The frustration and rage I felt at that moment were almost unbearable. Here was this woman showing up and implying it was negligence on my part that Katie was dead, having the gall to do it in front of Felice. And she just stood in front of me, eyes met to mine, no sign of backing off. The light caught on the niobium ring through her nostril, reflecting blue.
“They’ll leave without us,” she said.
“Uh-huh.”
She shook her head, then reached in a pocket for a roll of Life Savers. She pulled one into her mouth with her teeth, never taking her eyes from mine, then offered me the roll. Pep-O-Mint. “Have a sweet, stud,” Logan said. “Lighten up.”
I ignored the roll. “Why don’t you just scurry on home, or something, and I’ll contact you when I’m ready.”
She straightened her back a little more, drawing up to her full height. “Scurry?” she said softly.
I figured that the cab had left by then, so I moved my arm and turned my back to her, started walking to the loading dock. She fell in on my right and asked, “Where’d they take the doctor?”
“I don’t know.”
“Some bodyguard,” Logan said. “At this rate, you’ll lose both of them.”
I stopped again, and went face-to-face with her, angry enough that it showed. Her jaw tightened.
“This is the wrong time to be pushing me,” I said quietly. “The absolute wrong time. My client just lost her daughter, and if you think that means business as usual to me, you’re walking with the wrong crowd.” I pointed back to the ER. “Crowell’s that way, maybe you’d be happier working for him. Otherwise, go away, now. I’ll contact you when I am ready. Not a moment before.”
I turned from Bridgett Logan and headed down the hall.
The rest of the morning was a confusion after I rendezvoused with the others—a ragged collage of statements given to the police and the Feds, of movement and more movement, trying to find Felice a safe place to grieve. Rubin finally suggested using his studio, and by one that afternoon we had settled Dr. Romero in.
The studio Rubin used was a joint venture with some other artists he knew, an attempt to find work space without having to pay Manhattan’s ridiculous prices for privacy. Each artist paid a quarter of the rent, they all had open access, and they all respected each other’s space. It was nothing more than a large loft in Chelsea, broken into four roughly equal quadrants. On the north side of the room were four large windows that looked out over the street, and Dale immediately went to those to doublecheck our security.

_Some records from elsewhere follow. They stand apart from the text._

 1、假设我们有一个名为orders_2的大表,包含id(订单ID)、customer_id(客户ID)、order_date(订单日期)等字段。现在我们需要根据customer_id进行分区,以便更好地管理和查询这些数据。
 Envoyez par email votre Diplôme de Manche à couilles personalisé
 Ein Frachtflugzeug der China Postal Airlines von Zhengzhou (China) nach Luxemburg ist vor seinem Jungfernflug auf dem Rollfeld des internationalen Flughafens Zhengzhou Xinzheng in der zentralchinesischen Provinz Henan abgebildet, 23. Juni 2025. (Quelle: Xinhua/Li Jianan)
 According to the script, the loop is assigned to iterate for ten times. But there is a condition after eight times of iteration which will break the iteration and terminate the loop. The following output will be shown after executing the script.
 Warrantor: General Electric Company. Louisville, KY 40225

The room had an adjoining bathroom and kitchenette, but that was the extent of the space. Dr. Romero moved to Rubin’s comer, spiritless and disinterested in what we were doing. After our departure from the hospital she had crumbled again, ignoring us, returning to the pain inside.
I helped her settle, spreading the army blanket that Rubin kept with his equipment. If she wanted to lie down, at least she could be almost comfortable.

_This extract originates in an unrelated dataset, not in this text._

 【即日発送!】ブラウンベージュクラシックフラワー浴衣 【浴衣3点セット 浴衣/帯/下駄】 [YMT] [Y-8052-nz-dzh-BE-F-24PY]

“I want to go home,” Felice said.
“We can’t,” I told her. “It isn’t secure.” Her apartment would have to be cleaned up, I knew, and she shouldn’t have to be the one to do it. The bloodstains would probably never come out of the carpet.
“It’s my home,” she said.
“I know, Felice. I’m sorry.”
She turned, looked at me for the first time since we left the hospital. “What did you say?” she asked.

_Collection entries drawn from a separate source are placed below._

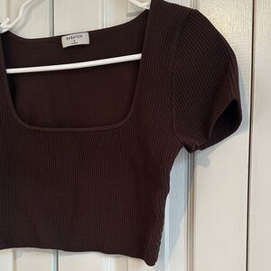 Aritzia Babaton Sculpt Knit Square NeckShort Sleeve Crop Top Size Medium
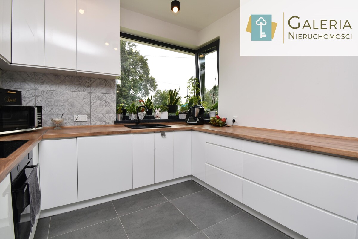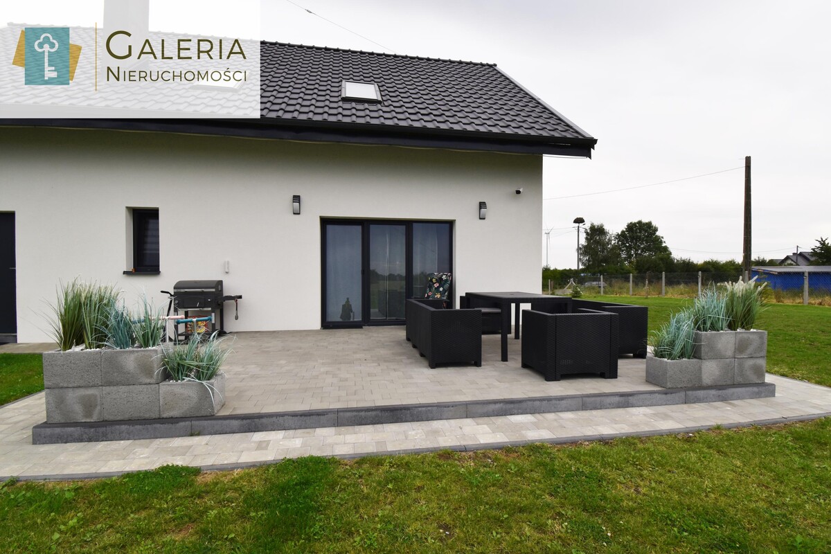 Dom został zaprojektowany w nowoczesnych kolorach, dzięki czemu jest ładny i ponadczasowy. Dodatkowo został umeblowany i nadaje się od razu do zamieszkania.
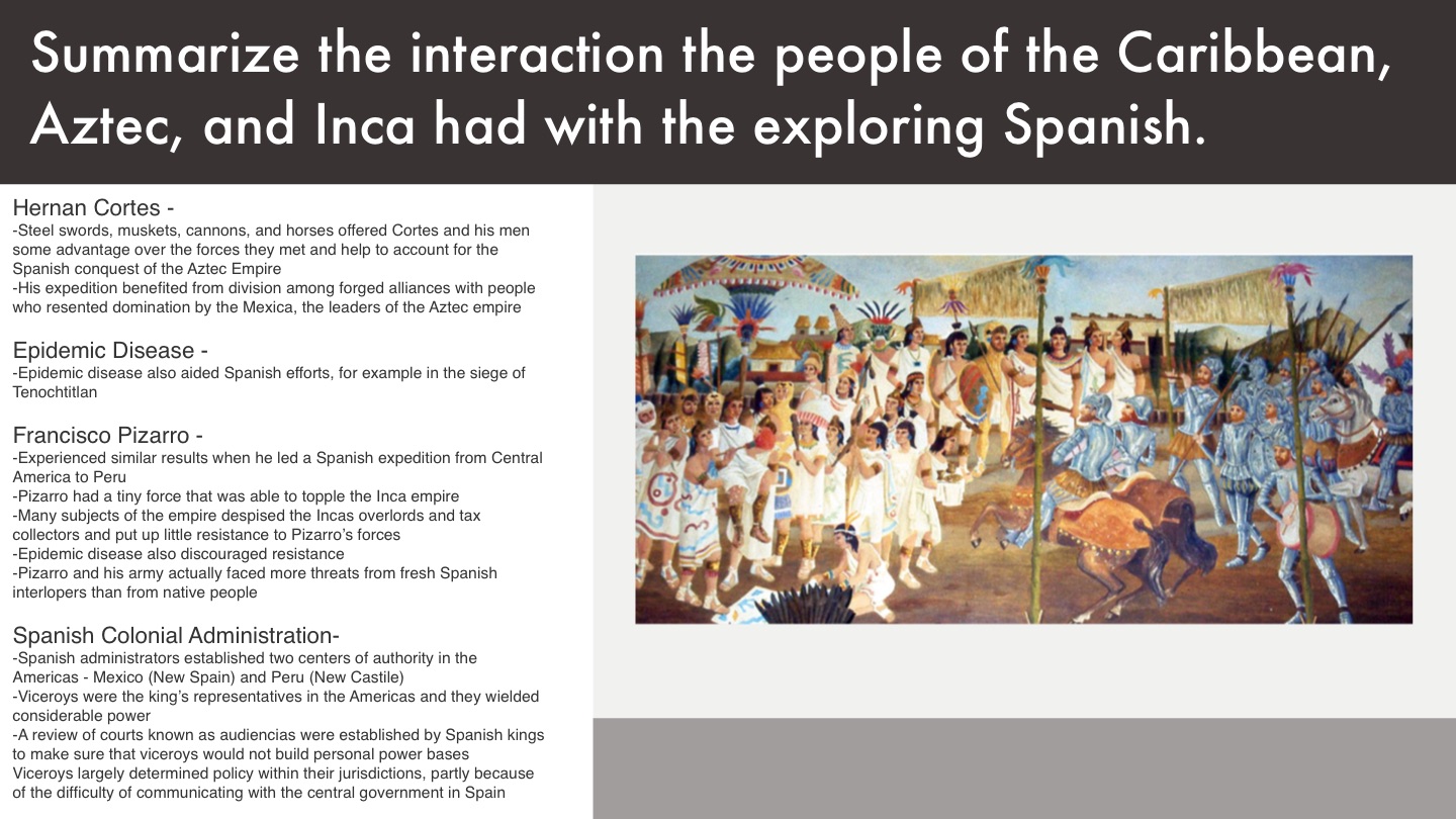 Summarize the interaction the people of the Caribbean, Aztec, and Inca had with the exploring Spanish.

“We can’t take you home. I’m sorry.”
The blow came up so fast I didn’t even think about moving, and then my head was ringing and she was drawing her right hand back again. Her voice was as smooth and cold as a sheet of arctic ice.
“You bastard,” Felice said, slapping me again. “You bastard, you’re sorry?” Her hand flew again, and I didn’t flinch, just felt the blow echo inside my head, and then she was timing her slaps to the words, each one hitting for punctuation, emphasis, and a terrible anger. “You liar, you bastard liar, you said you’d keep us safe, you said—” Natalie was between us suddenly, and I stepped back, feeling my left cheek bum and blood leak into my mouth. Felice tried to push past Natalie, explaining deliberately that I was a liar, that I had lied, that I had killed her baby. Natalie took her by the shoulders and told Felice to stop.
“Bastard,” Felice said, and then pulled away from Natalie. She sat on a stool, looking at the wall Rubin had painted with spray-painted scenes, cops and Latin Kings and life on the mean streets.
Natalie turned to me. She said, “Sentinel has a safe apartment. We can send Dale to get the car and then move her. You want me to call my father?”
Felice was smoking, and that was the only way I could tell she was breathing.
“Atticus? You want me to call my father?”
I nodded, starting to move toward Felice. Natalie put up an arm and shook her head and I stopped. When she was sure I wouldn’t move, she went to the phone and started dialing, drawing her red hair back to place the receiver against her ear.
My cheek still burned, and I touched it again, looking at each of my people. Ostensibly, we seemed to be holding up all right, keeping our grief separate from the work at hand.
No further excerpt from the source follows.